A number of financial analysts said the changes would help the markets function more smoothly as the new year approaches. Meanwhile, the announcement had an immediate impact on some types of securities that mature in December or January. In one instance, the interest rate on a type of contract committing someone to make money available in December fell by more than a quarter of a percentage point, which underscored the level of apprehension in the market.

"This is a doozy," said F. Ward McCarthy of Stone & McCarthy Research Associates, a financial-markets research firm. "The Fed is pulling out all the stops to both calm market anxieties and provide the . . . tools necessary to allow the money markets to continue to function through the fourth quarter and early 2000."

Overnight rates often shoot up at the end of a year as many major banks, brokerages and investment-banking firms seek to improve the look of their balance sheets by shedding even modestly risky assets. This year, with all the concern about potential year-end computer problems, the pressures could be enormous, though no one is sure that will happen.

Market conditions could prove to be a headache even for the New York Fed, which is responsible for keeping overnight rates close to the target set by the central bank's policymakers as part of their effort to keep the U.S. economy on a stable path.

The New York Fed tries to hit the chosen target for the federal funds rate--the interest rate financial institutions charge one another on overnight loans--by adding and subtracting cash from the U.S. banking system virtually on a daily basis.
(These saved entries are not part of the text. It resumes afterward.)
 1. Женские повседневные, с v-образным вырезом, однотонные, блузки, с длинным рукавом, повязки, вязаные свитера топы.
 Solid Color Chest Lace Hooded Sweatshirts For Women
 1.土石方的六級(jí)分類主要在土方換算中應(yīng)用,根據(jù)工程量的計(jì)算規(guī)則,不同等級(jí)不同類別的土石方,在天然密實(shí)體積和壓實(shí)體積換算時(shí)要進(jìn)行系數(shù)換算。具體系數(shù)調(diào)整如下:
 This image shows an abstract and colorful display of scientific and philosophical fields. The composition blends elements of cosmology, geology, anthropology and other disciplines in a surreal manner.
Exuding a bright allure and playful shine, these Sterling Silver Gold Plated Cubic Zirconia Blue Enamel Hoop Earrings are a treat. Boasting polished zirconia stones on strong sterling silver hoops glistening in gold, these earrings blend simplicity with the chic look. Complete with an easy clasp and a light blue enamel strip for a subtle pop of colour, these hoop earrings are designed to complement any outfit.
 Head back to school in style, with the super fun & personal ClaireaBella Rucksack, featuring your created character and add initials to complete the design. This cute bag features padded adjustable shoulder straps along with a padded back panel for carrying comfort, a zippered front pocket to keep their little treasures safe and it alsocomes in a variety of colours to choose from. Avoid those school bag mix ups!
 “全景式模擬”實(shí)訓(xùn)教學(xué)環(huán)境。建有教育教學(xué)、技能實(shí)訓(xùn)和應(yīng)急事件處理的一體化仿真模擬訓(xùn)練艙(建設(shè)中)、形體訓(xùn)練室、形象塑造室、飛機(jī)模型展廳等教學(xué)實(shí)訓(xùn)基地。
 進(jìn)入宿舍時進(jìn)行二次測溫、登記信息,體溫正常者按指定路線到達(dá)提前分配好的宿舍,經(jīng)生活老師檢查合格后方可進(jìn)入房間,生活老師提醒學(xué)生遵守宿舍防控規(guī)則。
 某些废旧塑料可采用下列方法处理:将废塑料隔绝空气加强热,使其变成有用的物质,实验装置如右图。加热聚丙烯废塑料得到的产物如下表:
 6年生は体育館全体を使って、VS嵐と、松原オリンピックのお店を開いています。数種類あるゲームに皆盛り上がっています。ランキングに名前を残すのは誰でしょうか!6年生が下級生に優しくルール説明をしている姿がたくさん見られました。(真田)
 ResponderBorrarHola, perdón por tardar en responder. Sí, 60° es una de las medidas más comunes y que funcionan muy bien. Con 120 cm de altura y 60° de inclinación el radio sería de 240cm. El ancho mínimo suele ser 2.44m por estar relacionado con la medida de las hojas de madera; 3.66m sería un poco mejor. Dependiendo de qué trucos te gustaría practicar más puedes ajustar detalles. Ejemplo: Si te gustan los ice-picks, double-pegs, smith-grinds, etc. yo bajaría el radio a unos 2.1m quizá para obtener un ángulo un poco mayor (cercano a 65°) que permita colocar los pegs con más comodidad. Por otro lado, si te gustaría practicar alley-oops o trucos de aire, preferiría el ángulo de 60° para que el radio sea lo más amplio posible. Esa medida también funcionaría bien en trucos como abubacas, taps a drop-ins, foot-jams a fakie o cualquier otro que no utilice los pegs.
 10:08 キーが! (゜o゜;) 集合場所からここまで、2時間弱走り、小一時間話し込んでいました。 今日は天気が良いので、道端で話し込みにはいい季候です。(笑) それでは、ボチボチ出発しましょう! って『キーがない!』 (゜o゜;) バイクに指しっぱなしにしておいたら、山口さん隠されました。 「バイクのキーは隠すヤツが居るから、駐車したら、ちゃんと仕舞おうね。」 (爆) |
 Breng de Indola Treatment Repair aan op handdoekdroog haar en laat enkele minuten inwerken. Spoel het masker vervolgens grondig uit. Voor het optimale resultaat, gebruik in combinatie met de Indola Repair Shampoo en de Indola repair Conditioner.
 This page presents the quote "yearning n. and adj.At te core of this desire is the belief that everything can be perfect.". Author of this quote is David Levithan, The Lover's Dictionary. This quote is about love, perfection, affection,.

Its most frequent action is to add cash by lending money to 30 large financial firms known as primary dealers. As collateral, the companies typically give the New York Fed U.S. Treasury securities to hold until the loan has been repaid.

But when the calendars in computers around the world turn over from "99" to "00" on Jan. 1, some older ones may treat the new date as 1900 instead of 2000 and fail to operate properly.

The impact of the year 2000, or "Y2K," problem on financial markets later this year is hard to predict. But to reduce the possibility of losses that might occur if something goes wrong, many large firms have already borrowed or arranged to borrow large amounts of money so that they won't need to do so later this year.

With so many financing arrangements already being wrapped up, and many financial market participants shying away from anything that looks risky, there is concern that markets won't function normally in December. For instance, there could be a shortage of Treasury securities available for use as collateral in the New York Fed's daily interventions in the money market.

At a news conference this morning, Peter Fisher, the bank's executive vice president in charge of those operations, said Fed policymakers voted at an Aug. 24 meeting to expand the list of acceptable collateral to head off a shortage. For the first time, he said, the mortgage-backed securities issued by Ginnie Mae, Fannie Mae and Freddie Mac--all government-sponsored agencies that help finance the nation's mortgage market--will be eligible. Other types of collateral also have been added to the list.

In addition, to help ensure that cash will be readily available in private financial markets, Fisher said the Fed will auction option contracts to the primary dealers that will give the firms the right to call on the Fed to provide them with loans, in exchange for collateral, even if the Fed wouldn't be doing so to meet its own needs. The interest rate charged on such loans would be at least 1.5 percentage points higher than the federal funds target, currently 5.25 percent.

The Fed earlier announced a separate financing facility though which financial institutions can borrow money for extended periods to meet any unusual customer needs for cash. The interest rate on those loans would also be 1.5 percentage points above the target for the funds rate.

"Our objective here is to assure the dealers that financing will be available so they can meet the needs of their own customers," Fisher said.

"The best outcome is that we provide this kind of backup insurance, and the dealers don't need it," Fisher said. And he emphasized, "We are doing this in part to make sure our own operations go smoothly."